WORK ITEM:
Repeat the records below exactly, from the first line through the line containing "VRサイクリング、北国西脇往", and leave out any pictures.

INPUT DATA:
____
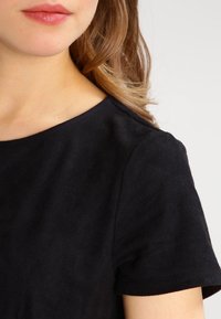 Robe noire à manches courtes en suède doux, avec un corsage ajusté et une jupe évasée. Présente des coutures minimales et un col rond.
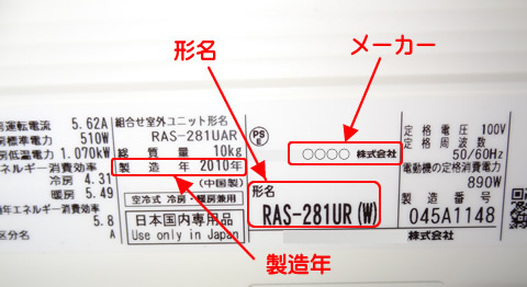 事前にご使用中エアコンの【型番】【メーカー】【製造年】をご確認ください。
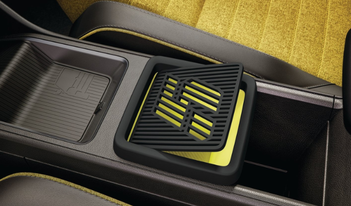 센터 콘솔 또한 3D 프린터 형태의 디자인이 적용되고 커스텀이 가능하여 개인의 취향을 매우 중요하게 생각하는 요즘 현대인들에게 디자인 선택의 폭의 다양성을 제공하는 르노5의 특징을 볼 수 있습니다.
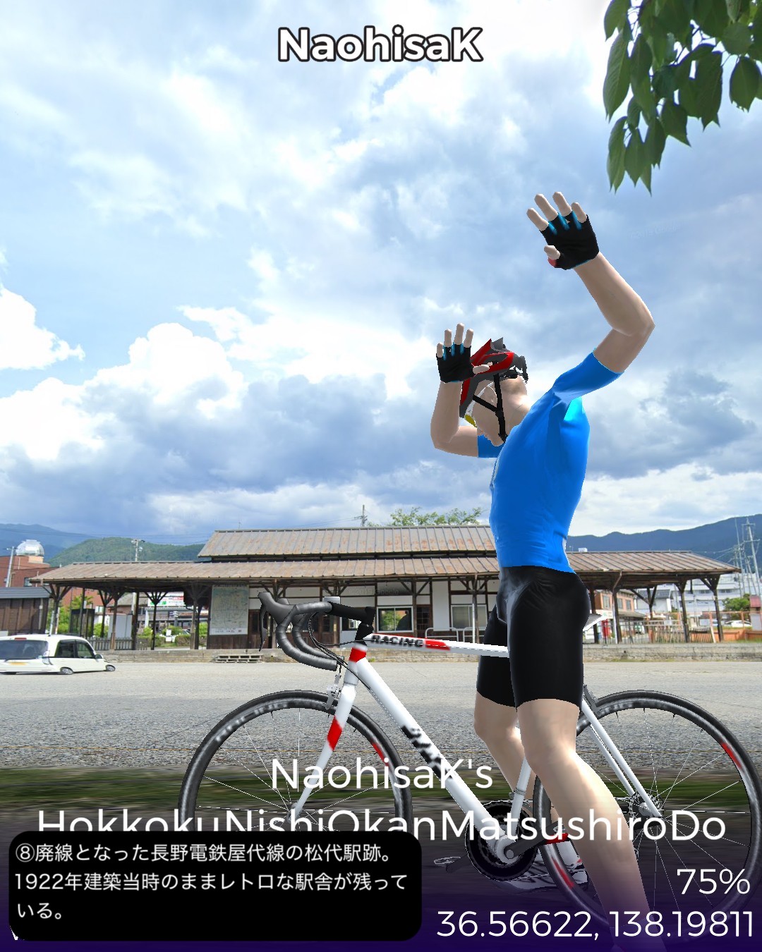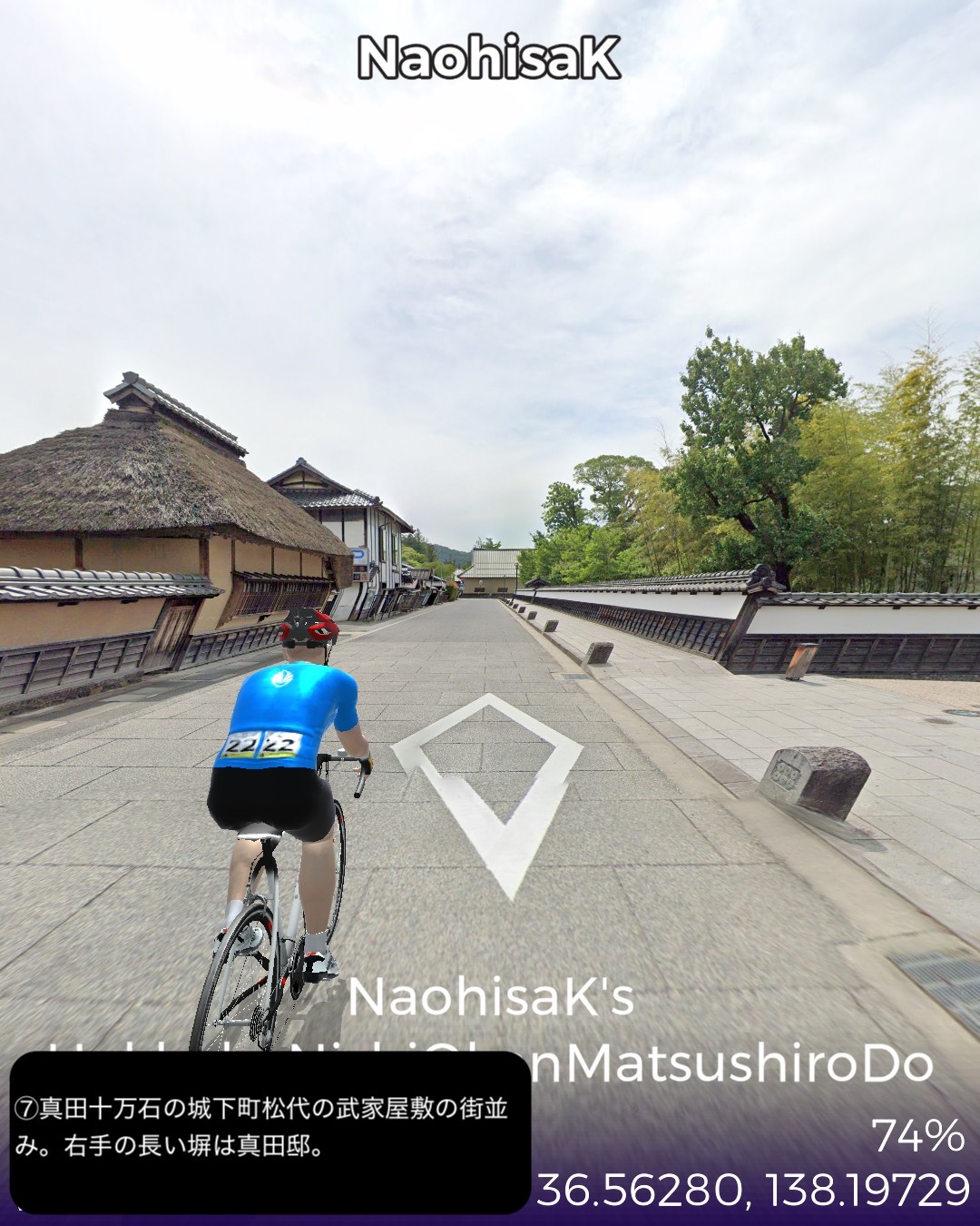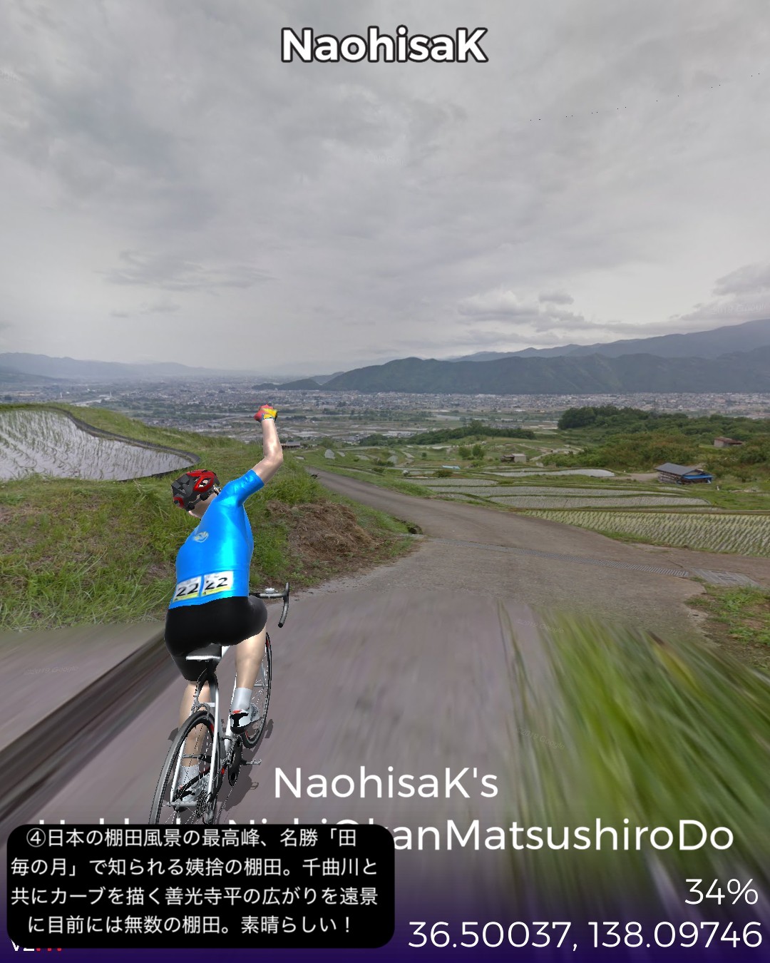 VRサイクリング、北国西脇往還2日目として麻績宿をスタートし聖高原へ登り、下ったところで姨捨の棚田見学にちょっと寄り道。街道へ戻り古きよき宿場稲荷山宿を経て北国街道との分岐点篠ノ井追分まで進む。その後名もなき道を介して千曲川東岸へ渡ったところで松代道に入りその1日目として、城下町松代宿をじっくり観てから次の宿場川田宿をゴールとするトータル42kmの行程。今回の最大の見所は街道を大きく外れて寄り道した姨捨の棚田。日本に山ほど棚田あるが間違いなくその最高峰。千曲川が広大な盆地と共に東西から南北に大きくカーブするスペクタクルを遠景に無数の開いた引き出しのような棚田が近景に展開する唯一無二の素晴らしい眺め。その棚田の間を下ってゆく爽快さ。名勝「田毎の月」と呼ばれる月夜はさらに素晴らしい眺めであろう。ここは是非リアルに訪れてみたいこれまでのBest1だ。今回はそれ以外にも真田十万石の城下町松代や、昔の街道筋の宿場町の街並みが見事に保存されている稲荷山宿、スタート地点の麻積宿から聖高原に至る山里風景など多彩な展開があり楽しめた。次回は北信濃から越後方面を目指してゆく。
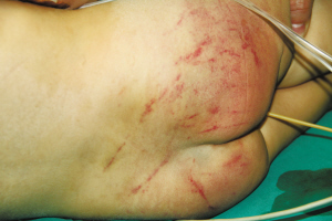 圖為女嬰的臀部、大腿受傷。記者 查鍇 攝 昨日下午5時20分,一輛急救車呼嘯著將2歲半的女嬰琪琪(化名)送到廣州軍區武漢總醫院。經診斷,琪琪顱內出血,病情嚴重,醫院下達病危通知書,立即進行開顱手術。令醫生奇怪的是,女嬰竟遍體鱗傷。 據了解,琪琪是江西贛州人,今年2歲半,昨日下午送到醫院時處于昏迷狀態。醫生檢查發現,其雙側瞳孔對光反射遲鈍,后腦勺處有血腫,雙側面部血腫,屁股和會陰部有大面積的紅腫,兩個胳膊和雙大腿都有傷痕,有些已呈陳舊型,CT檢查顯示,其顱內出血。鑒于病情嚴重,醫院已經下達病危通知。 廣州軍區武漢總醫院立即開通綠色通道,麻醉科、神經外科的專家聯手為其進行開顱手術。手術醫生介紹,琪琪身上的多處傷痕不可能是摔傷所致。 昨晚,記者與琪琪的父親董先生取得聯系。董先生遠在江西,他已經得知女兒入院急救的情況,正在來漢路上。董先生與妻子在江西老家的一家家具廠上班,夫妻倆育有3個子女,琪琪排行老二。去年9月,琪琪被接到武漢魯磨路附近的姑媽家居住。對于女兒的傷情和原因,董先生并不知情,當他得知女兒遍體鱗傷,他表示難以置信。 隨后,記者找到琪琪的姑媽董女士。董女士稱自己沒有上班,一直在家帶孩子,自己的孩子已經7歲。董女士稱,琪琪是不小心摔傷了腦袋導致顱內出血。 記者詢問琪琪身上的多處傷痕是怎么回事?董女士這才承認:“因為琪琪有時將屎尿拉在褲子上,自己一氣之下,才打了琪琪,但頭上的傷是琪琪自己摔傷的。” 截至昨晚9時記者發稿時,手術仍在緊張進行中。(記者 查鍇) |
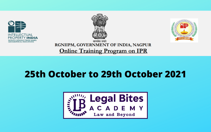 Online Training Program on IPR By RGNIIPM, Government Of India, Nagpur from 25th October to 29th October 2021. RGNIIPM, Government of India is a Central Government Institute under the Ministry of Commerce & Industry which is engaged in conducting training programmes, workshops relating to Intellectual Property Rights (IPR’s) i.e. Patents, Designs, Trademarks, GI, Copyrights etc. Recently, RGNIIPM has received many requests for the conduction of online webinars. Hence it is decided...
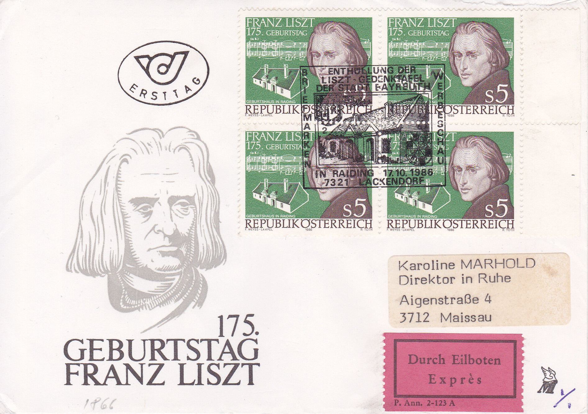 Brief mit Eilboten vom Ersttag mit Mehrfachfrankatur der Marke aus Österreich (MiNr 1866) zum 175. Geburtstag von Franz Liszt und dem Sonderstempel vom 17.10.1986 aus Lackendorf zur Enthüllung einer Liszt-Gedenktafel. Das Porto betrug für den Brief bis 20 Gramm 5 Schilling und für Eilboten 20 Schilling, zusammen also 25 Schilling.
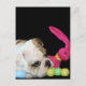 Påsk Bulldog-hundvalpen upptagen munchning på påskägg
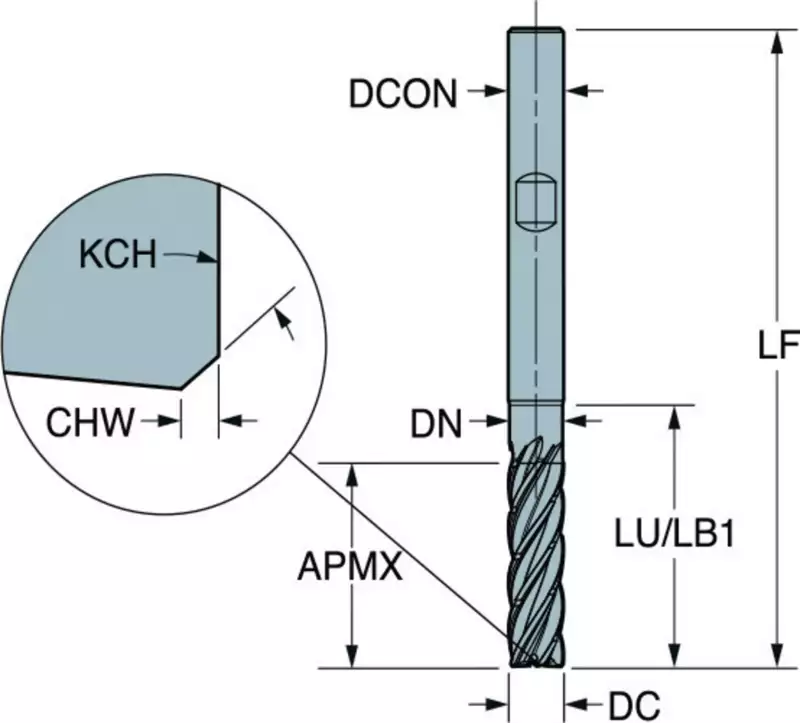 VHM, Ø 6-20 mm, AlCrN-Beschichtung, Drallwinkel 36°, Schneidentoleranz h10, Weldon (mit Fläche, HB), Schafttoleranz h6, mittellang, mit Schutzfase, Anzahl Zähne 5, DIN 6535
____
RESPONSE:
 Robe noire à manches courtes en suède doux, avec un corsage ajusté et une jupe évasée. Présente des coutures minimales et un col rond.
 事前にご使用中エアコンの【型番】【メーカー】【製造年】をご確認ください。
 센터 콘솔 또한 3D 프린터 형태의 디자인이 적용되고 커스텀이 가능하여 개인의 취향을 매우 중요하게 생각하는 요즘 현대인들에게 디자인 선택의 폭의 다양성을 제공하는 르노5의 특징을 볼 수 있습니다.
 VRサイクリング、北国西脇往還2日目として麻績宿をスタートし聖高原へ登り、下ったところで姨捨の棚田見学にちょっと寄り道。街道へ戻り古きよき宿場稲荷山宿を経て北国街道との分岐点篠ノ井追分まで進む。その後名もなき道を介して千曲川東岸へ渡ったところで松代道に入りその1日目として、城下町松代宿をじっくり観てから次の宿場川田宿をゴールとするトータル42kmの行程。今回の最大の見所は街道を大きく外れて寄り道した姨捨の棚田。日本に山ほど棚田あるが間違いなくその最高峰。千曲川が広大な盆地と共に東西から南北に大きくカーブするスペクタクルを遠景に無数の開いた引き出しのような棚田が近景に展開する唯一無二の素晴らしい眺め。その棚田の間を下ってゆく爽快さ。名勝「田毎の月」と呼ばれる月夜はさらに素晴らしい眺めであろう。ここは是非リアルに訪れてみたいこれまでのBest1だ。今回はそれ以外にも真田十万石の城下町松代や、昔の街道筋の宿場町の街並みが見事に保存されている稲荷山宿、スタート地点の麻積宿から聖高原に至る山里風景など多彩な展開があり楽しめた。次回は北信濃から越後方面を目指してゆく。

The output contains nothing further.